The industry has reached an inflection point where the capacity to deploy AI at scale now exceeds the capacity to operate it safely or profitably. Amazon borrowed $17.5 billion on top of recent bond sales, Oracle committed $70 billion to data center spending, and companies tracked by Ramp AI Index spend $7,500 per employee monthly on infrastructure. This spending is no longer investment but operational burn to maintain competitive position in an arms race with clear winners and losers. Yet the productivity gains remain theoretical.
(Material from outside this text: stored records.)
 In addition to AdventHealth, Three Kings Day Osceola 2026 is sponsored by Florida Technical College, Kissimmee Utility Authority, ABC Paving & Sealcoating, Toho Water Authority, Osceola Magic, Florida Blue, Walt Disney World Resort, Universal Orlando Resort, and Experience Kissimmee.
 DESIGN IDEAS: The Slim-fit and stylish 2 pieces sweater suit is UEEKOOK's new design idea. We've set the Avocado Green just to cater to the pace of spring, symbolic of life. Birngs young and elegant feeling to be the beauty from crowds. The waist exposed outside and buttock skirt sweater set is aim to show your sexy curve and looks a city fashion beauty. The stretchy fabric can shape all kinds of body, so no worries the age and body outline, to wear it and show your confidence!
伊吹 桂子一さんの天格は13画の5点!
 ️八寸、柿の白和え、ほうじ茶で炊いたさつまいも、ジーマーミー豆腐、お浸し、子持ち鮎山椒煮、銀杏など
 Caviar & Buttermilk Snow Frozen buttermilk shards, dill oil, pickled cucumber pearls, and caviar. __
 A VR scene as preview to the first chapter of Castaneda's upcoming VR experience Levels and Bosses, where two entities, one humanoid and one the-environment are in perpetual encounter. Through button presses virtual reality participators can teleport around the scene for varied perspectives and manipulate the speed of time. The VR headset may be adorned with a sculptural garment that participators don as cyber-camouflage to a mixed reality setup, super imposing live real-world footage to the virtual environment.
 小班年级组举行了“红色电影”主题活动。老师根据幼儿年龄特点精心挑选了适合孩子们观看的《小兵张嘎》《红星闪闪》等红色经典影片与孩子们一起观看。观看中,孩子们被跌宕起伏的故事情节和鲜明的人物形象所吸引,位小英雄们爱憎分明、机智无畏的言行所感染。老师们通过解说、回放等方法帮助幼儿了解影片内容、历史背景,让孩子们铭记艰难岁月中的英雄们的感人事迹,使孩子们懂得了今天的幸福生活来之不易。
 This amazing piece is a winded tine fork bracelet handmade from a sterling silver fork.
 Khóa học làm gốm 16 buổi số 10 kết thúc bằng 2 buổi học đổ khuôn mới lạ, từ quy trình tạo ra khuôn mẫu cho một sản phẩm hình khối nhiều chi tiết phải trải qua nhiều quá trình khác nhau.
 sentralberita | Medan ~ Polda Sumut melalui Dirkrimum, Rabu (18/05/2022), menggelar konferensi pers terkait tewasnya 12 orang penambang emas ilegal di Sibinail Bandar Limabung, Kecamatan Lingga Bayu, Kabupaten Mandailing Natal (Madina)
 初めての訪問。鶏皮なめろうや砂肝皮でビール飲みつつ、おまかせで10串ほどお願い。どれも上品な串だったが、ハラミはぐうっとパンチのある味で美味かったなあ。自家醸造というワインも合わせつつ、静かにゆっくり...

Checkmarx's survey found enterprises shipping AI-generated code they know is vulnerable. Glean's Work AI Institute data shows employees spend 6.4 hours weekly on "botsitting," performing quality checks and providing context to make AI outputs usable. The human overhead required to make these systems functional is being absorbed by the workforce rather than counted as a cost of deployment.

Safety and governance are being treated as obstacles to overcome rather than problems to solve. xAI fired an engineer for raising safety concerns about Grok days before SpaceX's IPO. Anthropic initially implemented a covert policy to limit Claude's ability to develop competing AI models before researchers forced reversal. A German court ruled that Google's AI Overview provides no value to users and violates consumer protection law. Face-recognition tools deployed by police departments in Florida led to wrongful arrests, exposing decades of flawed systems treated as near-certain identification. Researchers testing leading AI models on a classic psychology attention task found catastrophic failure: systems scoring over 90 percent accuracy on short tasks fell to near-zero performance as complexity increased. Companies are choosing speed and market share over fixing known problems because regulatory and competitive incentives reward deployment over disclosure.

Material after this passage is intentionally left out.